Mason tries to convince Flora to run away with him. Regan tracks her down and brings Angus to confront the situation. They rescue Flora after a fierce fight with the gang.

Angus races to the movie set just in time to snatch the hidden pearls from his old cab as it tumbles over a cliff in a dramatic action sequence. The $5,000 reward is enough to start the Mactavish Taxi Company No. 13, and the film closes on the high note of Flora and Officer Regan's wedding.

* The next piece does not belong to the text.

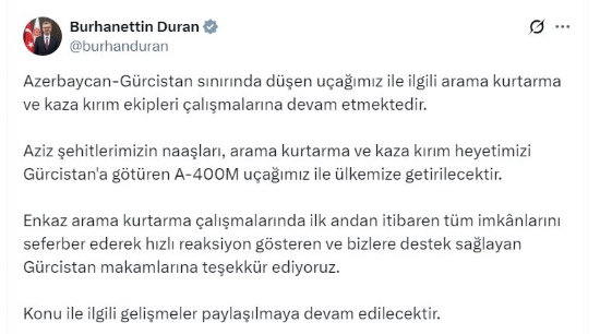 İletişim Başkanı Burhanettin Duran, sosyal medya hesabından yaptığı açıklamada, "Azerbaycan-Gürcistan sınırında düşen uçağımız ile ilgili arama kurtarma ve kaza kırım ekipleri çalışmalarına devam etmektedir. Aziz şehitlerimizin naaşları, arama kurtarma ve kaza kırım heyetimizi Gürcistan'a götüren A-400M uçağımız ile ülkemize getirilecektir. Enkaz arama kurtarma çalışmalarında ilk andan itibaren tüm imkanlarını seferber ederek hızlı reaksiyon gösteren ve bizlere destek sağlayan Gürcistan makamlarına teşekkür ediyoruz. Konu ile ilgili gelişmeler paylaşılmaya devam edilecektir" dedi. (DHA)
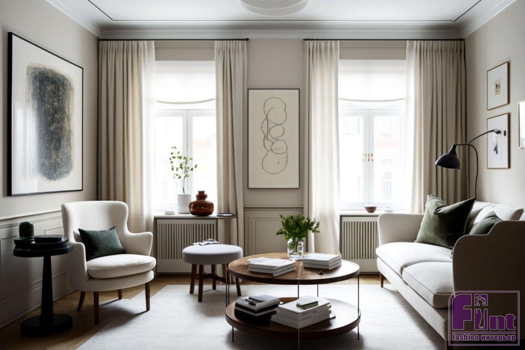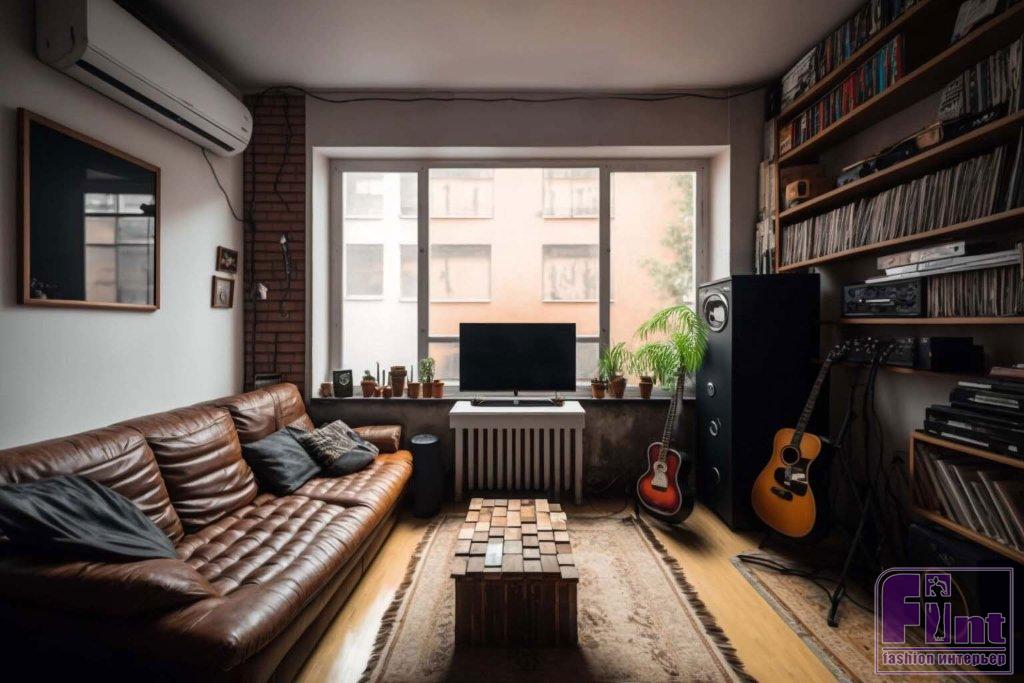 Гостиная легендарного советского рок-музыканта получилась «типичной российской комнатой с окнами, выходящими на соседский дом, и растениями на подоконнике». Главные элементы интерьера — роскошный кожаный диван и брутальный журнальный столик.

At last, Angus’s unshakable belief in the luck of “13” has paid off—and so has his unwavering honesty.

==Cast==
- Chester Conklin as Angus Mactavish
- Ethel Wales as Mrs. Mactavish
- Martha Sleeper as Flora Mactavish
- Hugh Trevor as Dan Regan
- Lee Moran as Dennis Moran
- Jerry Miley as Mason
- Charles Byer as Berger

unbilled
- Godfrey Craig as Mactavish Child
- George Dunning as Mactavish Child
- Louise Fazenda
- Jackie Sturnberg as Mactavish Child
- Billy Watson as Mactavish Child
- Coy Watson as Mactavish Child
- Delmar Watson as Mactavish Child
- Gloria Watson as Mactavish Child
- Harry Watson as Mactavish Child
- Louise Watson as Mactavish Child
- Vivian Watson as Mactavish Child

==Critical reception==
A review in Harrison's Reports said, "This is neither funny enojugh to be called a comedy nor serious enough to be called a drama.' Despite a few good points, it added, "But on the whole it is not a particularly good picture".